There are changes to the tax and benefits system all the time, often at no - or only a few months - notice. Just in the last few years we've had the 2 child benefit cap introduced, the removal of child benefit for higher earners, the removal of the winter fuel allowance, the changing terms on student loans (& the massive increase in tuition fees), the increase of the school leaving age to 18, council tax surcharges... and on and on. There are losers in all these policies, but they don't get compensation. This is the price of being a society.
There is a safety net for the poor and sick: the means tested benefit system. Yes, it's not a lot, but it is there. The idea that the WASPI women get nothing and those that came just a few years later are much better off is wrong.
And the notion put forward by some on this thread that WASPI women were all trail-blazing feminists who set up the benefits women enjoy today is also wrong. Women born in the 60s, 70s, 80s, 90s..... have all had their battles and setbacks to fight and overcome. We are all building on the advances of previous generations. The WASPI women aren't any different - or anything special.
Finally, there are still benefits that people get from the age of 60 - including the WASPI women: free prescriptions, free eye tests, free public transport (in London), discounted leisure activities (railcard, tickets etc) and so on.
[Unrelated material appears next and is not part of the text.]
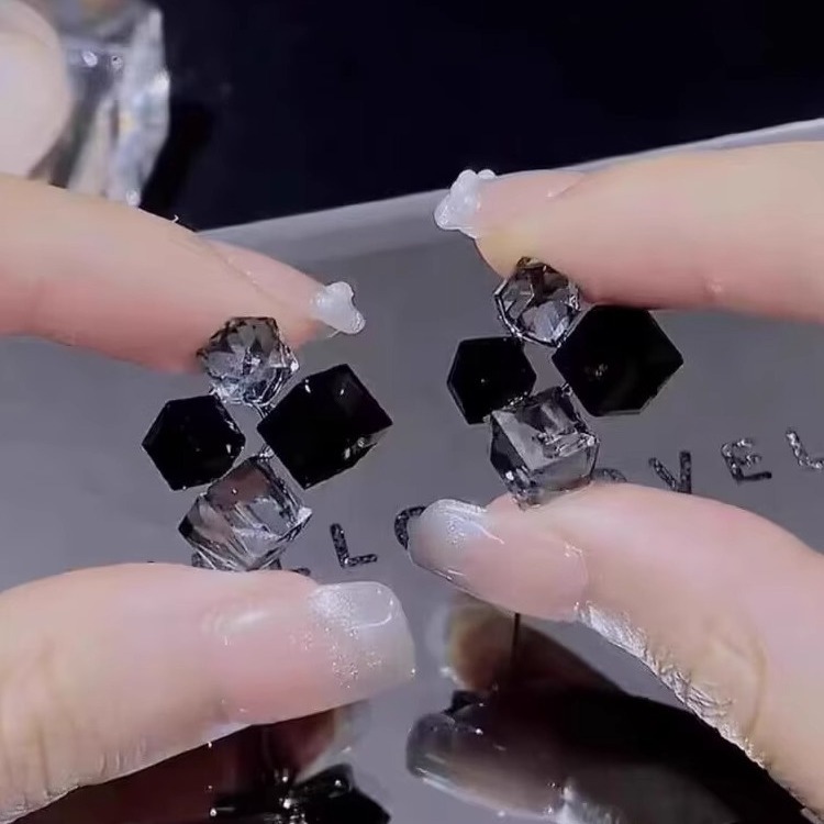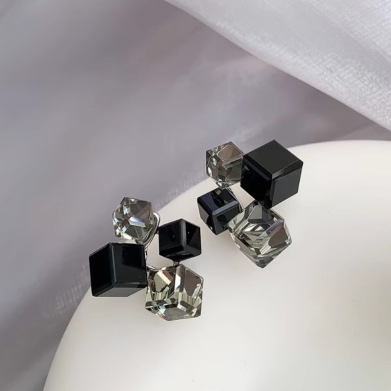 彤彤兔 S925银针复古风秋冬黑色立体钻几何耳环高级感小众设计潮人耳钉女

And those WASPI women who retired early and took their occupational pensions (like that ridiculous headteacher who seemed to be the figurehead for the WASPI campaign) benefited from not paying national insurance on their pension income - unlike their peers who were still working.
All the money the WASPI women have spent on this campaign and all their legal costs would have been much better directed into a charity fund to help those in need not covered by, or to top up, the social security system.
I do think they have been led up the garden path by the Labour govt - but so have students who were promised by Keir Starmer in the past that Labour would get rid of tuition fees.